The pathogenesis of chronic abdominal pain remains unclear, although several
mechanisms have been proposed to explain the symptoms of this condition. Recent
studies have also pointed to an underlying gut microbial mechanism for chronic
abdominal pain. When the microbial population native to the large intestine
migrates proximally into the small intestine, a shift in the host-gut microbial
relationship occurs, known as small intestinal bacterial overgrowth (SIBO).
Similar to children with chronic abdominal pain, children with SIBO complain of
nausea, abdominal pain, flatulence, diarrhoea and constipation.
In a recent study, small intestinal bacterial overgrowth has been reported in
91% of children with chronic abdominal pain compared to 35% in healthy
children. They also found an association between small intestine bacterial
overgrowth and irritable bowel syndrome in children.
There are no published data on the effect of probiotic treatment in children
with chronic abdominal pain, but recent unpublished study results showed that
70% of children with chronic abdominal pain and small intestinal bacterial
overgrowth have an improvement of symptoms after treatment with probiotics.
Study objective
The aim of this study is to find a succesful treatment for chronic abdominal
pain and small intestinal bacterial overgrowth in children and at the same time
improve the quality of life of these children. A second aim is to reduce the
hospital visits and with that the costs.
Study design
70 children age 8-18 years will be randomized and receive probiotics or
placebo.
Children in the probiotics group will be given daily probiotics for 8 weeks (8
grams of powder 4 x 10E9 cfu / g Bifidobacterium and Lactobacillus (Ecologic
junior)). Children in the placebo group will be given daily placebo for 8 weeks.

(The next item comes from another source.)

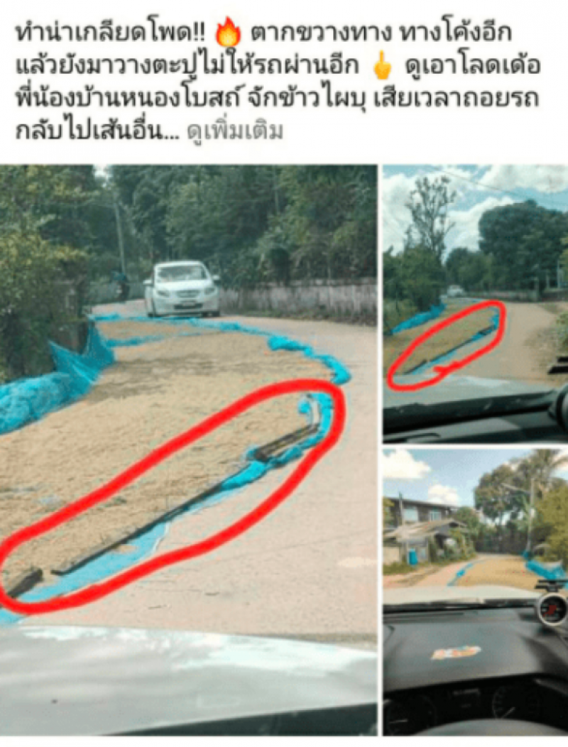 จากกรณีที่โลกโซเชียลได้มีการแชร์ภาพชาวบ้านตากข้าวไว้บนถนนพร้อมกับใช้ไม้หน้าสามตอกตะปูวางกันไว้ไม่ให้รถเหยียบทำให้มีผู้ใช้เฟซบุ๊กแชร์ออกไปเป็นจำนวนมาก ซึ่งเหตุภาพดังกล่าวเกิดขึ้นที่หมู่ 13 บ้านหนองโบสถ์พัฒนา ตำบลดงเค็ง อำเภอหนองสองห้อง จังหวัดขอนแก่น สอบถามผู้ใหญ่บ้าน เกี่ยวกับข้อเท็จจริงดังกล่าวว่ามีการใช้ไม้หน้าสามตอกตะปูวางทับผ้าตาข่ายที่ใช้สำหรับตากข้าวตามที่เป็นข่าวในโลกโซเชียลในขณะนี้หรือไม่

Outcomes are assessed at several time points: a t=0 (at baseline; before
randomisation), at t=1 (directly after finishing the treatment period), at t=2
(four months after finishing the treatment period) and at t=3 (ten months after
finishing the treatment period).
We will use the following instruments:
•Abdominal pain diary (APD): Patients will be instructed to score pain
intensity and pain frequency in an abdominal pain diary during the baseline
period (a month prior to t=0), for a month prior to t = 1 and for a month prior
to t = 2. Pain intensity will be scored using the validated six-face Faces Pain
Scale-Revised 12: ranging from 1 (=no pain) to 6 (very much pain) (Fig. 1).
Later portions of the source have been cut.